Пока она рассказывала о своих одиноких прогулках, мне пришла в голову мысль предложить ей свое общество, но я быстро заглушил ее. Ее положение здесь было деликатным – положение молодой женщины, живущей отдельно от мужа. Мое сопровождение могло скомпрометировать ее, что было бы поступком прямо противоположным дружескому, да и на мою профессиональную репутацию это повлияло бы отрицательно. Репутация врача, знаете ли, почти такая же нежная, как и у женщины.
Мы беседовали уже больше трех четвертей часа, и, хотя я охотно задержался бы еще, мне показалось, что я почти уже навязываю ей свое общество. Я встал и, пробормотав еще несколько формальных профессиональных рекомендаций, откланялся.
Тени сгущаются
Грядущая буря, чьи грозовые тучи незаметно собирались у меня над головой с того самого дня, как я приехал в Рочестер, все приближалась. Возможно, краем глаза я улавливал, что сумерки вокруг меня начинают сгущаться, и оттого какое-то неясное чувство нестабильности и незащищенности начало понемногу проникать в мое сознание. Возможно, так оно и было. Но, тем не менее, оглядываясь сегодня назад, я ясно вижу, что когда на меня обрушилась катастрофа, она застала меня совершенно ничего не подозревающим и неподготовленным.

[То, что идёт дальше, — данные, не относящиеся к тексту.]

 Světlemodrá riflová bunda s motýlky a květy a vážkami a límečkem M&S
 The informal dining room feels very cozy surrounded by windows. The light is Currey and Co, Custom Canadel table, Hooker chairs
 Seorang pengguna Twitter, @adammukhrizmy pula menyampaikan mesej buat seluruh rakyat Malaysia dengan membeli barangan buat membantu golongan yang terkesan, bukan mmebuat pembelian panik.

С момента моей встречи с доктором Торндайком в соборе прошло две недели, и я с понятным нетерпением ожидал следующего его приезда. За эти две недели мало что произошло, хотя мелкие ежедневные события словно бы громоздились друг на друга горой, грозившей обрушиться и похоронить меня, – чего я, повторяю, вовсе не замечал. Обещание, данное миссис Фруд, я исполнял тщательно: каждым вечером я обнаруживал себя сидящим в ее гостиной перед маленьким столиком с лампой под красным абажуром, и старательно делал вид, что оказался у нее в гостях по чисто врачебной надобности.
Бесспорно, с моей стороны это было очень нескромно. Симпатия, которую я с первого же мгновения испытывал к этой женщине, должна была предупредить меня, что здесь было замешано то необъяснимое чувство единения душ, которое могло привести к последствиям как благословенным, так и бедственным. Первый же взгляд на нее должен был дать мне понять, что проводить много времени в ее обществе для меня неправильно и небезопасно, но вместо этого он стал магнитом, который неудержимо притягивал меня к ней.

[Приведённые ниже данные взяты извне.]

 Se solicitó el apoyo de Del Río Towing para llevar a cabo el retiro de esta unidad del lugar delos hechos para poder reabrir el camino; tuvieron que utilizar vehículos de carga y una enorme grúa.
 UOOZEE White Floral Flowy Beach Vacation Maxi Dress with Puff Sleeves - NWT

Мне было ясно одно: если я поведу себя неблагоразумно, последствия будут плачевны для нас обоих. Но и она была вовсе не из тех женщин, с которыми можно позволить себе мужские вольности, поэтому и я был с нею безупречно сдержан. Что касается моих чувств к ней, то тут я не обманывался, но точно так же и не питал иллюзий относительно ее чувств ко мне. Во время моих ежевечерних визитов она приветствовала меня с той искренней простотой и симпатией, которая греет сердце друга, но невыносима для влюбленного. Мне было ясно, что ей в голову никогда не приходила мысль о возможности чего-либо, кроме простой и честной дружбы. И эти невинность и чистота наших отношений были для меня как успокоением и отрадой, так и давящими на меня оковами.
Наша дружба, возникшая (если отбросить историю в Риджентс-парке) в момент первой нашей встречи в Рочестере, быстро крепла. Между нами установилась та легкость отношений и то отсутствие сдержанности, которое отличает общение людей, любящих и понимающих друг друга. Я не опасался невольно обидеть ее или самому быть обиженным. В наших долгих разговорах нам не нужно было осторожно выбирать слова или делать скидку на возможные предрассудки собеседника. Мы всегда могли прямо сказать то, что имели в виду, и не беспокоиться, что наши слова будут неправильно поняты или встречены с возмущением. Короче говоря, если бы я мог удержать свои чувства на том же уровне, какими были и ее чувства ко мне, то нашу дружбу можно было называть идеальной.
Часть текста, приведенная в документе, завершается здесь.